4. Dependency Pinning and Supply Chain Attacks (SLSA)

The tj-actions/changed-files incident in 2024 was a wake-up call. A widely used GitHub Action was compromised to exfiltrate secrets from thousands of pipelines. The fix is simple: pin every action to a full commit SHA, not a mutable tag.

# Bad — "v3" tag can be moved
- uses: actions/checkout@v3
 
# Good — pinned to a specific commit
- uses: actions/checkout@11bd71901bbe5b1630ceea73d27597364c9af683  # v4.2.2

Automate this with Dependabot or Renovate. In your .github/dependabot.yml:

version: 2
updates:
  - package-ecosystem: "github-actions"
    directory: "/"
    schedule:
      interval: "weekly"
    groups:
      actions:
        patterns: ["*"]

SLSA (Supply-chain Levels for Software Artifacts)
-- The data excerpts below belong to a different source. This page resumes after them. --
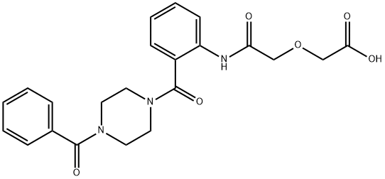 - Synonyms: (2-{2-[(4-benzoyl-1-piperazinyl)carbonyl]anilino}-2-oxoethoxy)acetic acid Acetic acid, 2-[2-[[2-[(4-benzoyl-1-piperazinyl)carbonyl]phenyl]amino]-2-oxoethoxy]-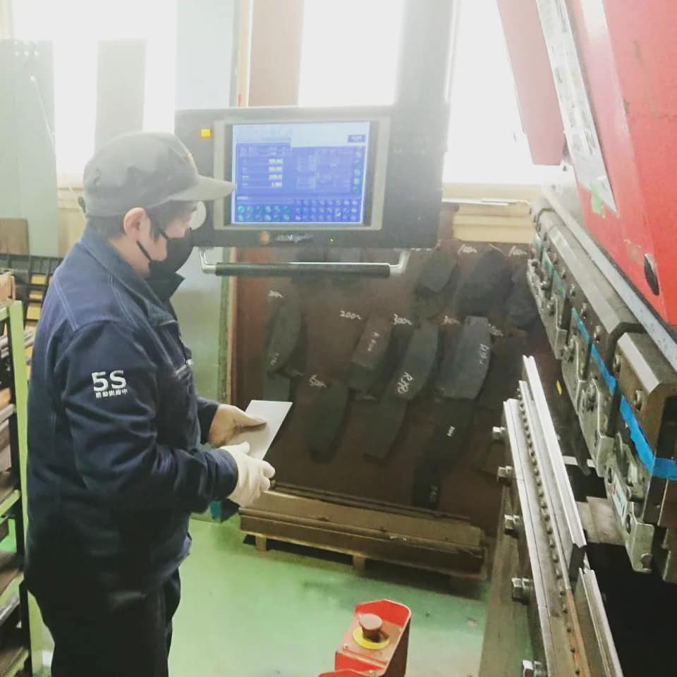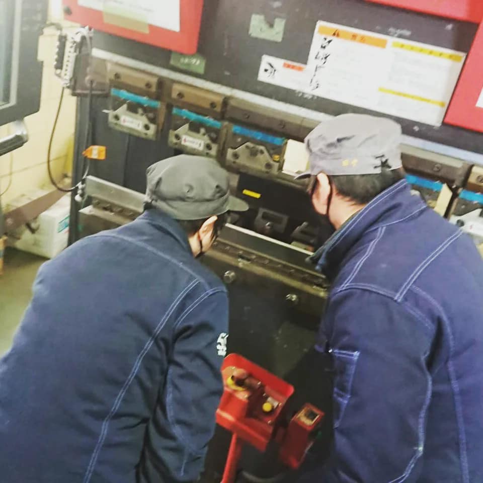曲げ機械の使い方の説明を受ける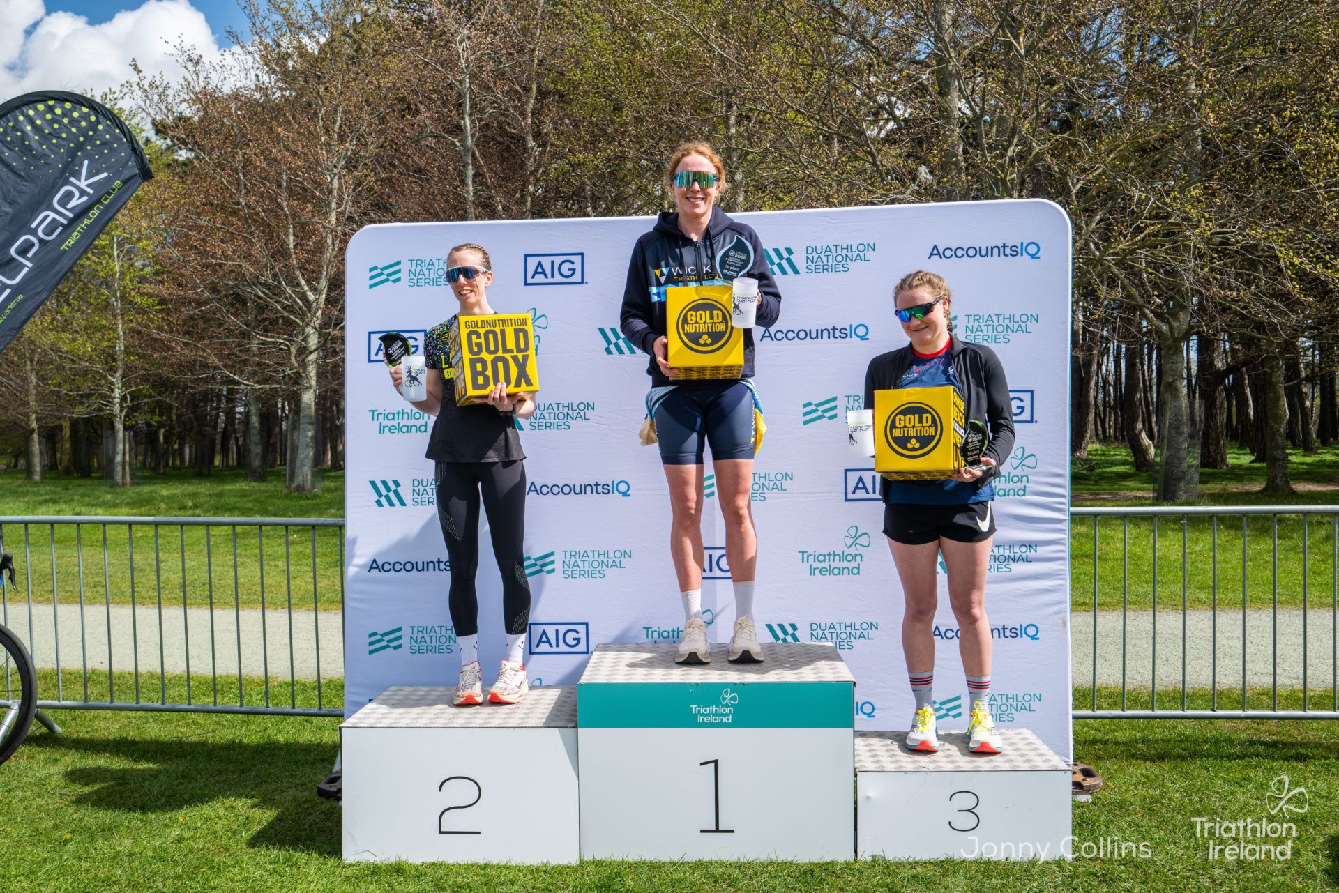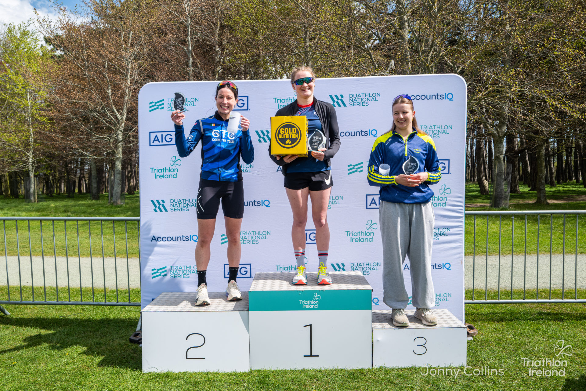 Helen Perry, winner of the Lisburn Duathlon in February continued her strong form to claim silver, while 2025 Duathlon National Champion Saoirse O’Brien came home in bronze.

For your own build artifacts, target SLSA Level 2 as a minimum. This means your build runs on a hosted runner (not self-hosted), and you generate provenance attestations for container images:

- uses: actions/attest-build-provenance@v1
  with:
    subject-name: ghcr.io/your-org/your-image
    subject-digest: ${{ steps.build.outputs.digest }}

5. Least-Privilege Service Principals

Every CI/CD service principal should be scoped to exactly what the job requires — nothing more.
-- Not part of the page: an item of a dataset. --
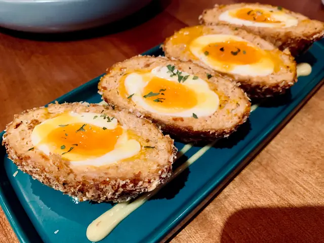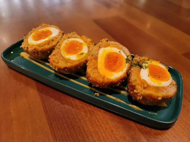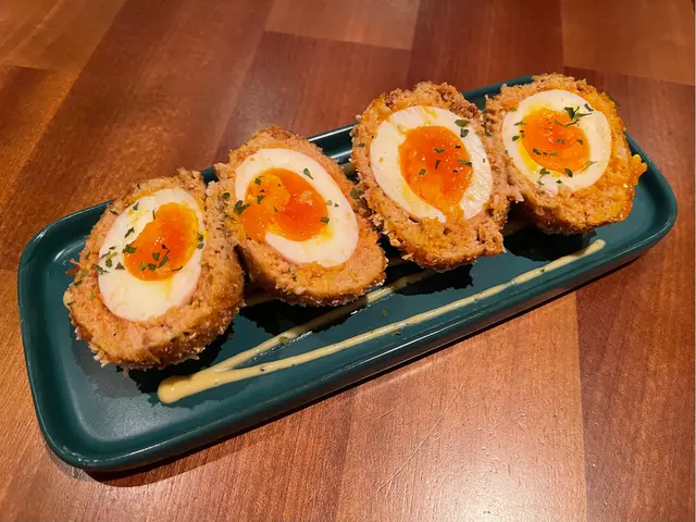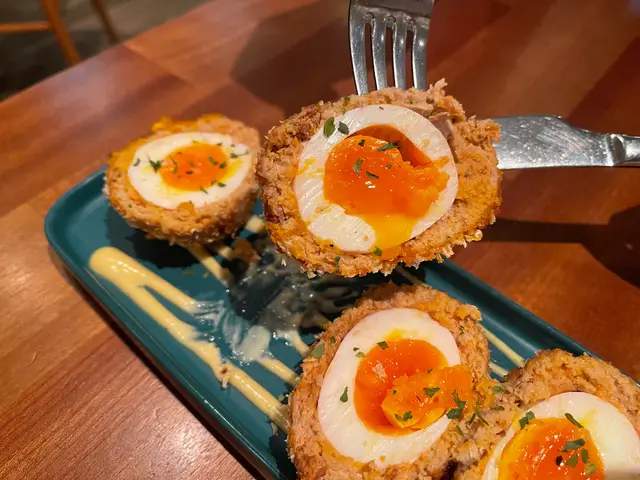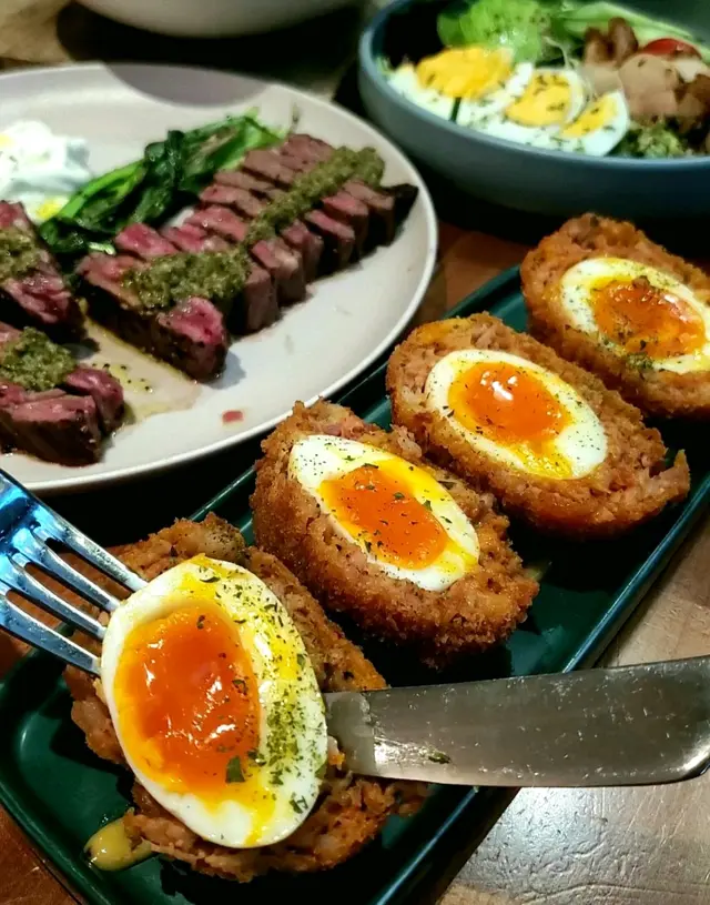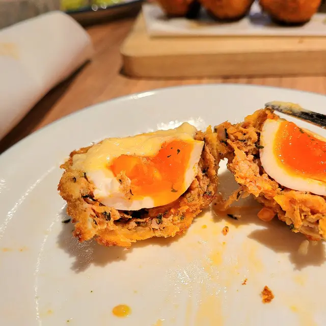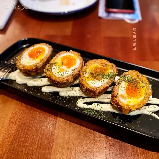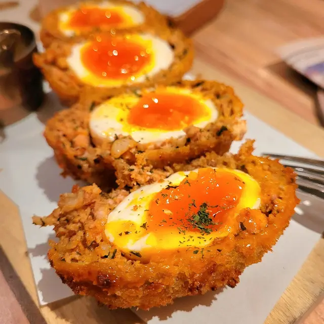 脆炸蘇格蘭蛋配風腸及蒜蓉蛋黃醬這個幾特別,蛋很大隻,裡面仍然係流心蛋,而外面係風腸既碎料再烤成,咬落去表層咸香脆味,裡面既蛋汁流心而滑。

For a deployment that pushes a container image and updates an AKS deployment:

# Create a dedicated SP per pipeline/environment
az ad sp create-for-rbac --name "sp-deploy-myapp-prod" --role "" --scopes ""
 
# Assign only what is needed
az role assignment create \
  --assignee <sp-object-id> \
  --role "AcrPush" \
  --scope /subscriptions/.../resourceGroups/rg-myapp/providers/Microsoft.ContainerRegistry/registries/myacr
 
az role assignment create \
  --assignee <sp-object-id> \
  --role "Azure Kubernetes Service Cluster User Role" \
  --scope /subscriptions/.../resourceGroups/rg-myapp/providers/Microsoft.ContainerService/managedClusters/aks-myapp

Never use Contributor at the subscription scope for a deployment SP. I see this constantly on new projects. The blast radius of a compromised token with subscription-level Contributor is devastating.
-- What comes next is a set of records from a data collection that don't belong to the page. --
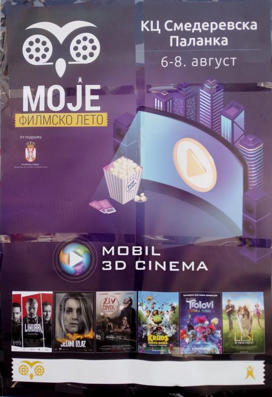 Ustanova kulturni centar iz Smederevske Palanke u okviru manifestacije „Moje filmsko leto“ od 6. do 8. avgusta organizuje bioskopske projekcije najnovijih filmskih hitova.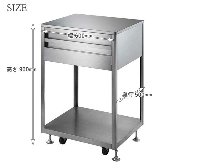 ステンレス作業台ワゴン 引き出し1杯タイプ 幅50cm 通販 - ディノス。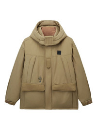 hooded flap-pocket jacket Highlights - Beige - Hooded neckline - Flap pockets - Patch pocket - Branded patch - Drawstring hem Imported Composition Cotton 52%, Nylon 48% Washing instructions Read Manufacturer Guidelines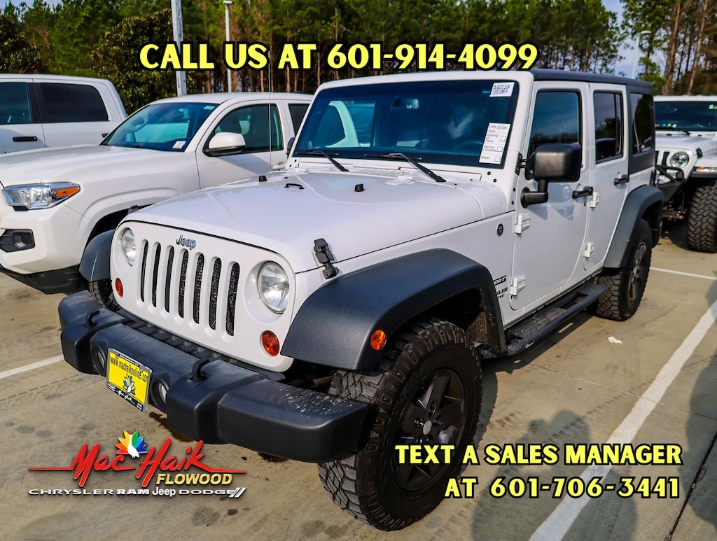 Bright White Clearcoat 2013 Jeep Wrangler Unlimited Sport 4WD 5-Speed Automatic 3.6L V6 24V VVT Local Trade, Black 3-Piece Hard Top, Connectivity Group, Freedom Panel Storage Bag, Leather Wrapped Steering Wheel, Rear Window Defroster, Rear Window Wiper/Washer, Remote USB Port, Tinted Rear Quarter & Liftgate Windows, Tire Pressure Monitoring Display, Uconnect Voice Command w/Bluetooth, Vehicle Information Center.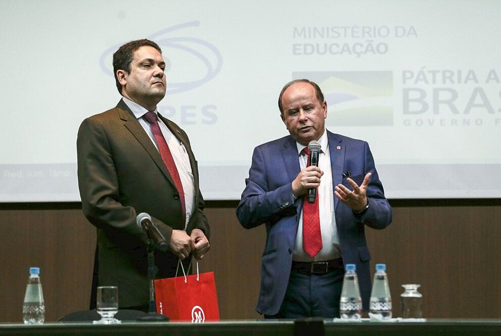 Na última quarta-feira, 14 de agosto, ocorreu a Aula Magna para alunos da Pós-Graduação Stricto Sensu - 2º semestre de 2019, que teve como tema Ações de Futuro da Coordenação de Aperfeiçoamento de Pessoal de Nível Superior (CAPES) para Evolução da Pós-Graduação Brasileira. A mesa foi composta pelo palestrante Anderson Correia, presidente da CAPES, e Paulo Batista Lopes, pró-reitor de Pesquisa e Pós-Graduação Stricto Sensu da Universidade Presbiteriana Mackenzie (UPM), que moderou os trabalhos.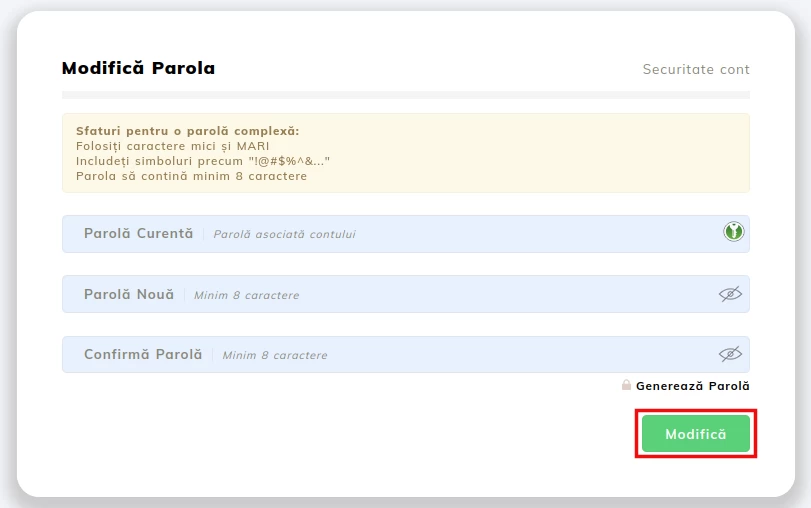 - Po zadaní hesla kliknite na tlačidlo Zmeniť.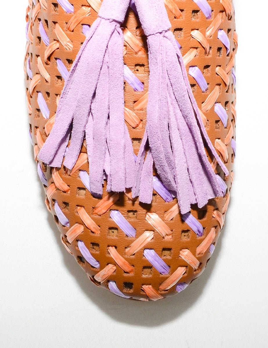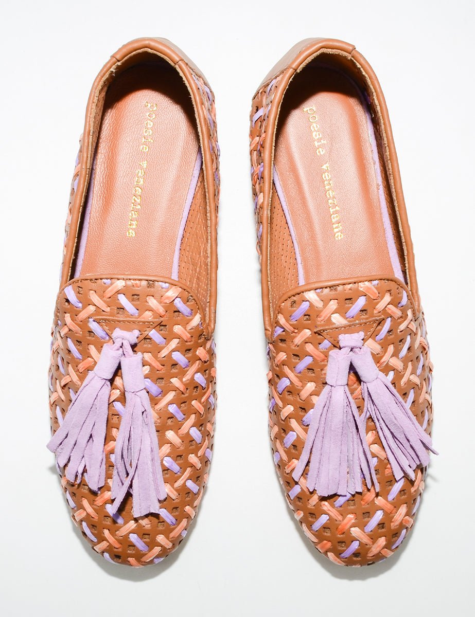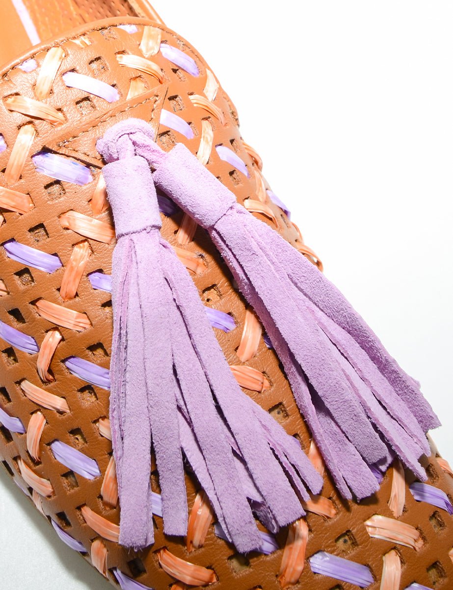Mocassino in vera pelle marrone cuoio forata con dettagli di intrecci rosa salmone e viola glicine, nappa scamosciata in cuoio viola in tono, punta tonda.

6. Audit Logs and Anomaly Detection

Enable Azure Monitor alerts for your ADO organisation and GitHub audit log streaming to a Log Analytics workspace. Alert on:

• New federated credentials added to App Registrations
• Service connection secret regeneration
• Pipeline YAML changes on protected branches
• Any git push --force to main

The signal-to-noise ratio is good if you scope alerts tightly. These alerts have caught real issues on client projects — once a contractor's account was used to modify a pipeline YAML outside business hours.

Summary Checklist

| Control | GitHub Actions | Azure DevOps | |---|---|---| | No long-lived credentials | OIDC federated identity | Workload Identity Federation | | Secret scanning | GitHub Advanced Security + gitleaks | CredScan + gitleaks | | Deployment gates | Environment protection rules | Stage approvals + business hours check | | Dependency pinning | Dependabot SHA pinning | Azure Artifacts feed policies | | Least-privilege | SP per pipeline, scoped roles | SP per pipeline, scoped roles | | Supply chain | SLSA provenance attestations | SBOM generation |

Building secure pipelines is not glamorous work, but it is foundational. At SandyTech, we bake these controls into the project scaffold so that every MVP we ship starts from a secure baseline, not a debt to pay down later.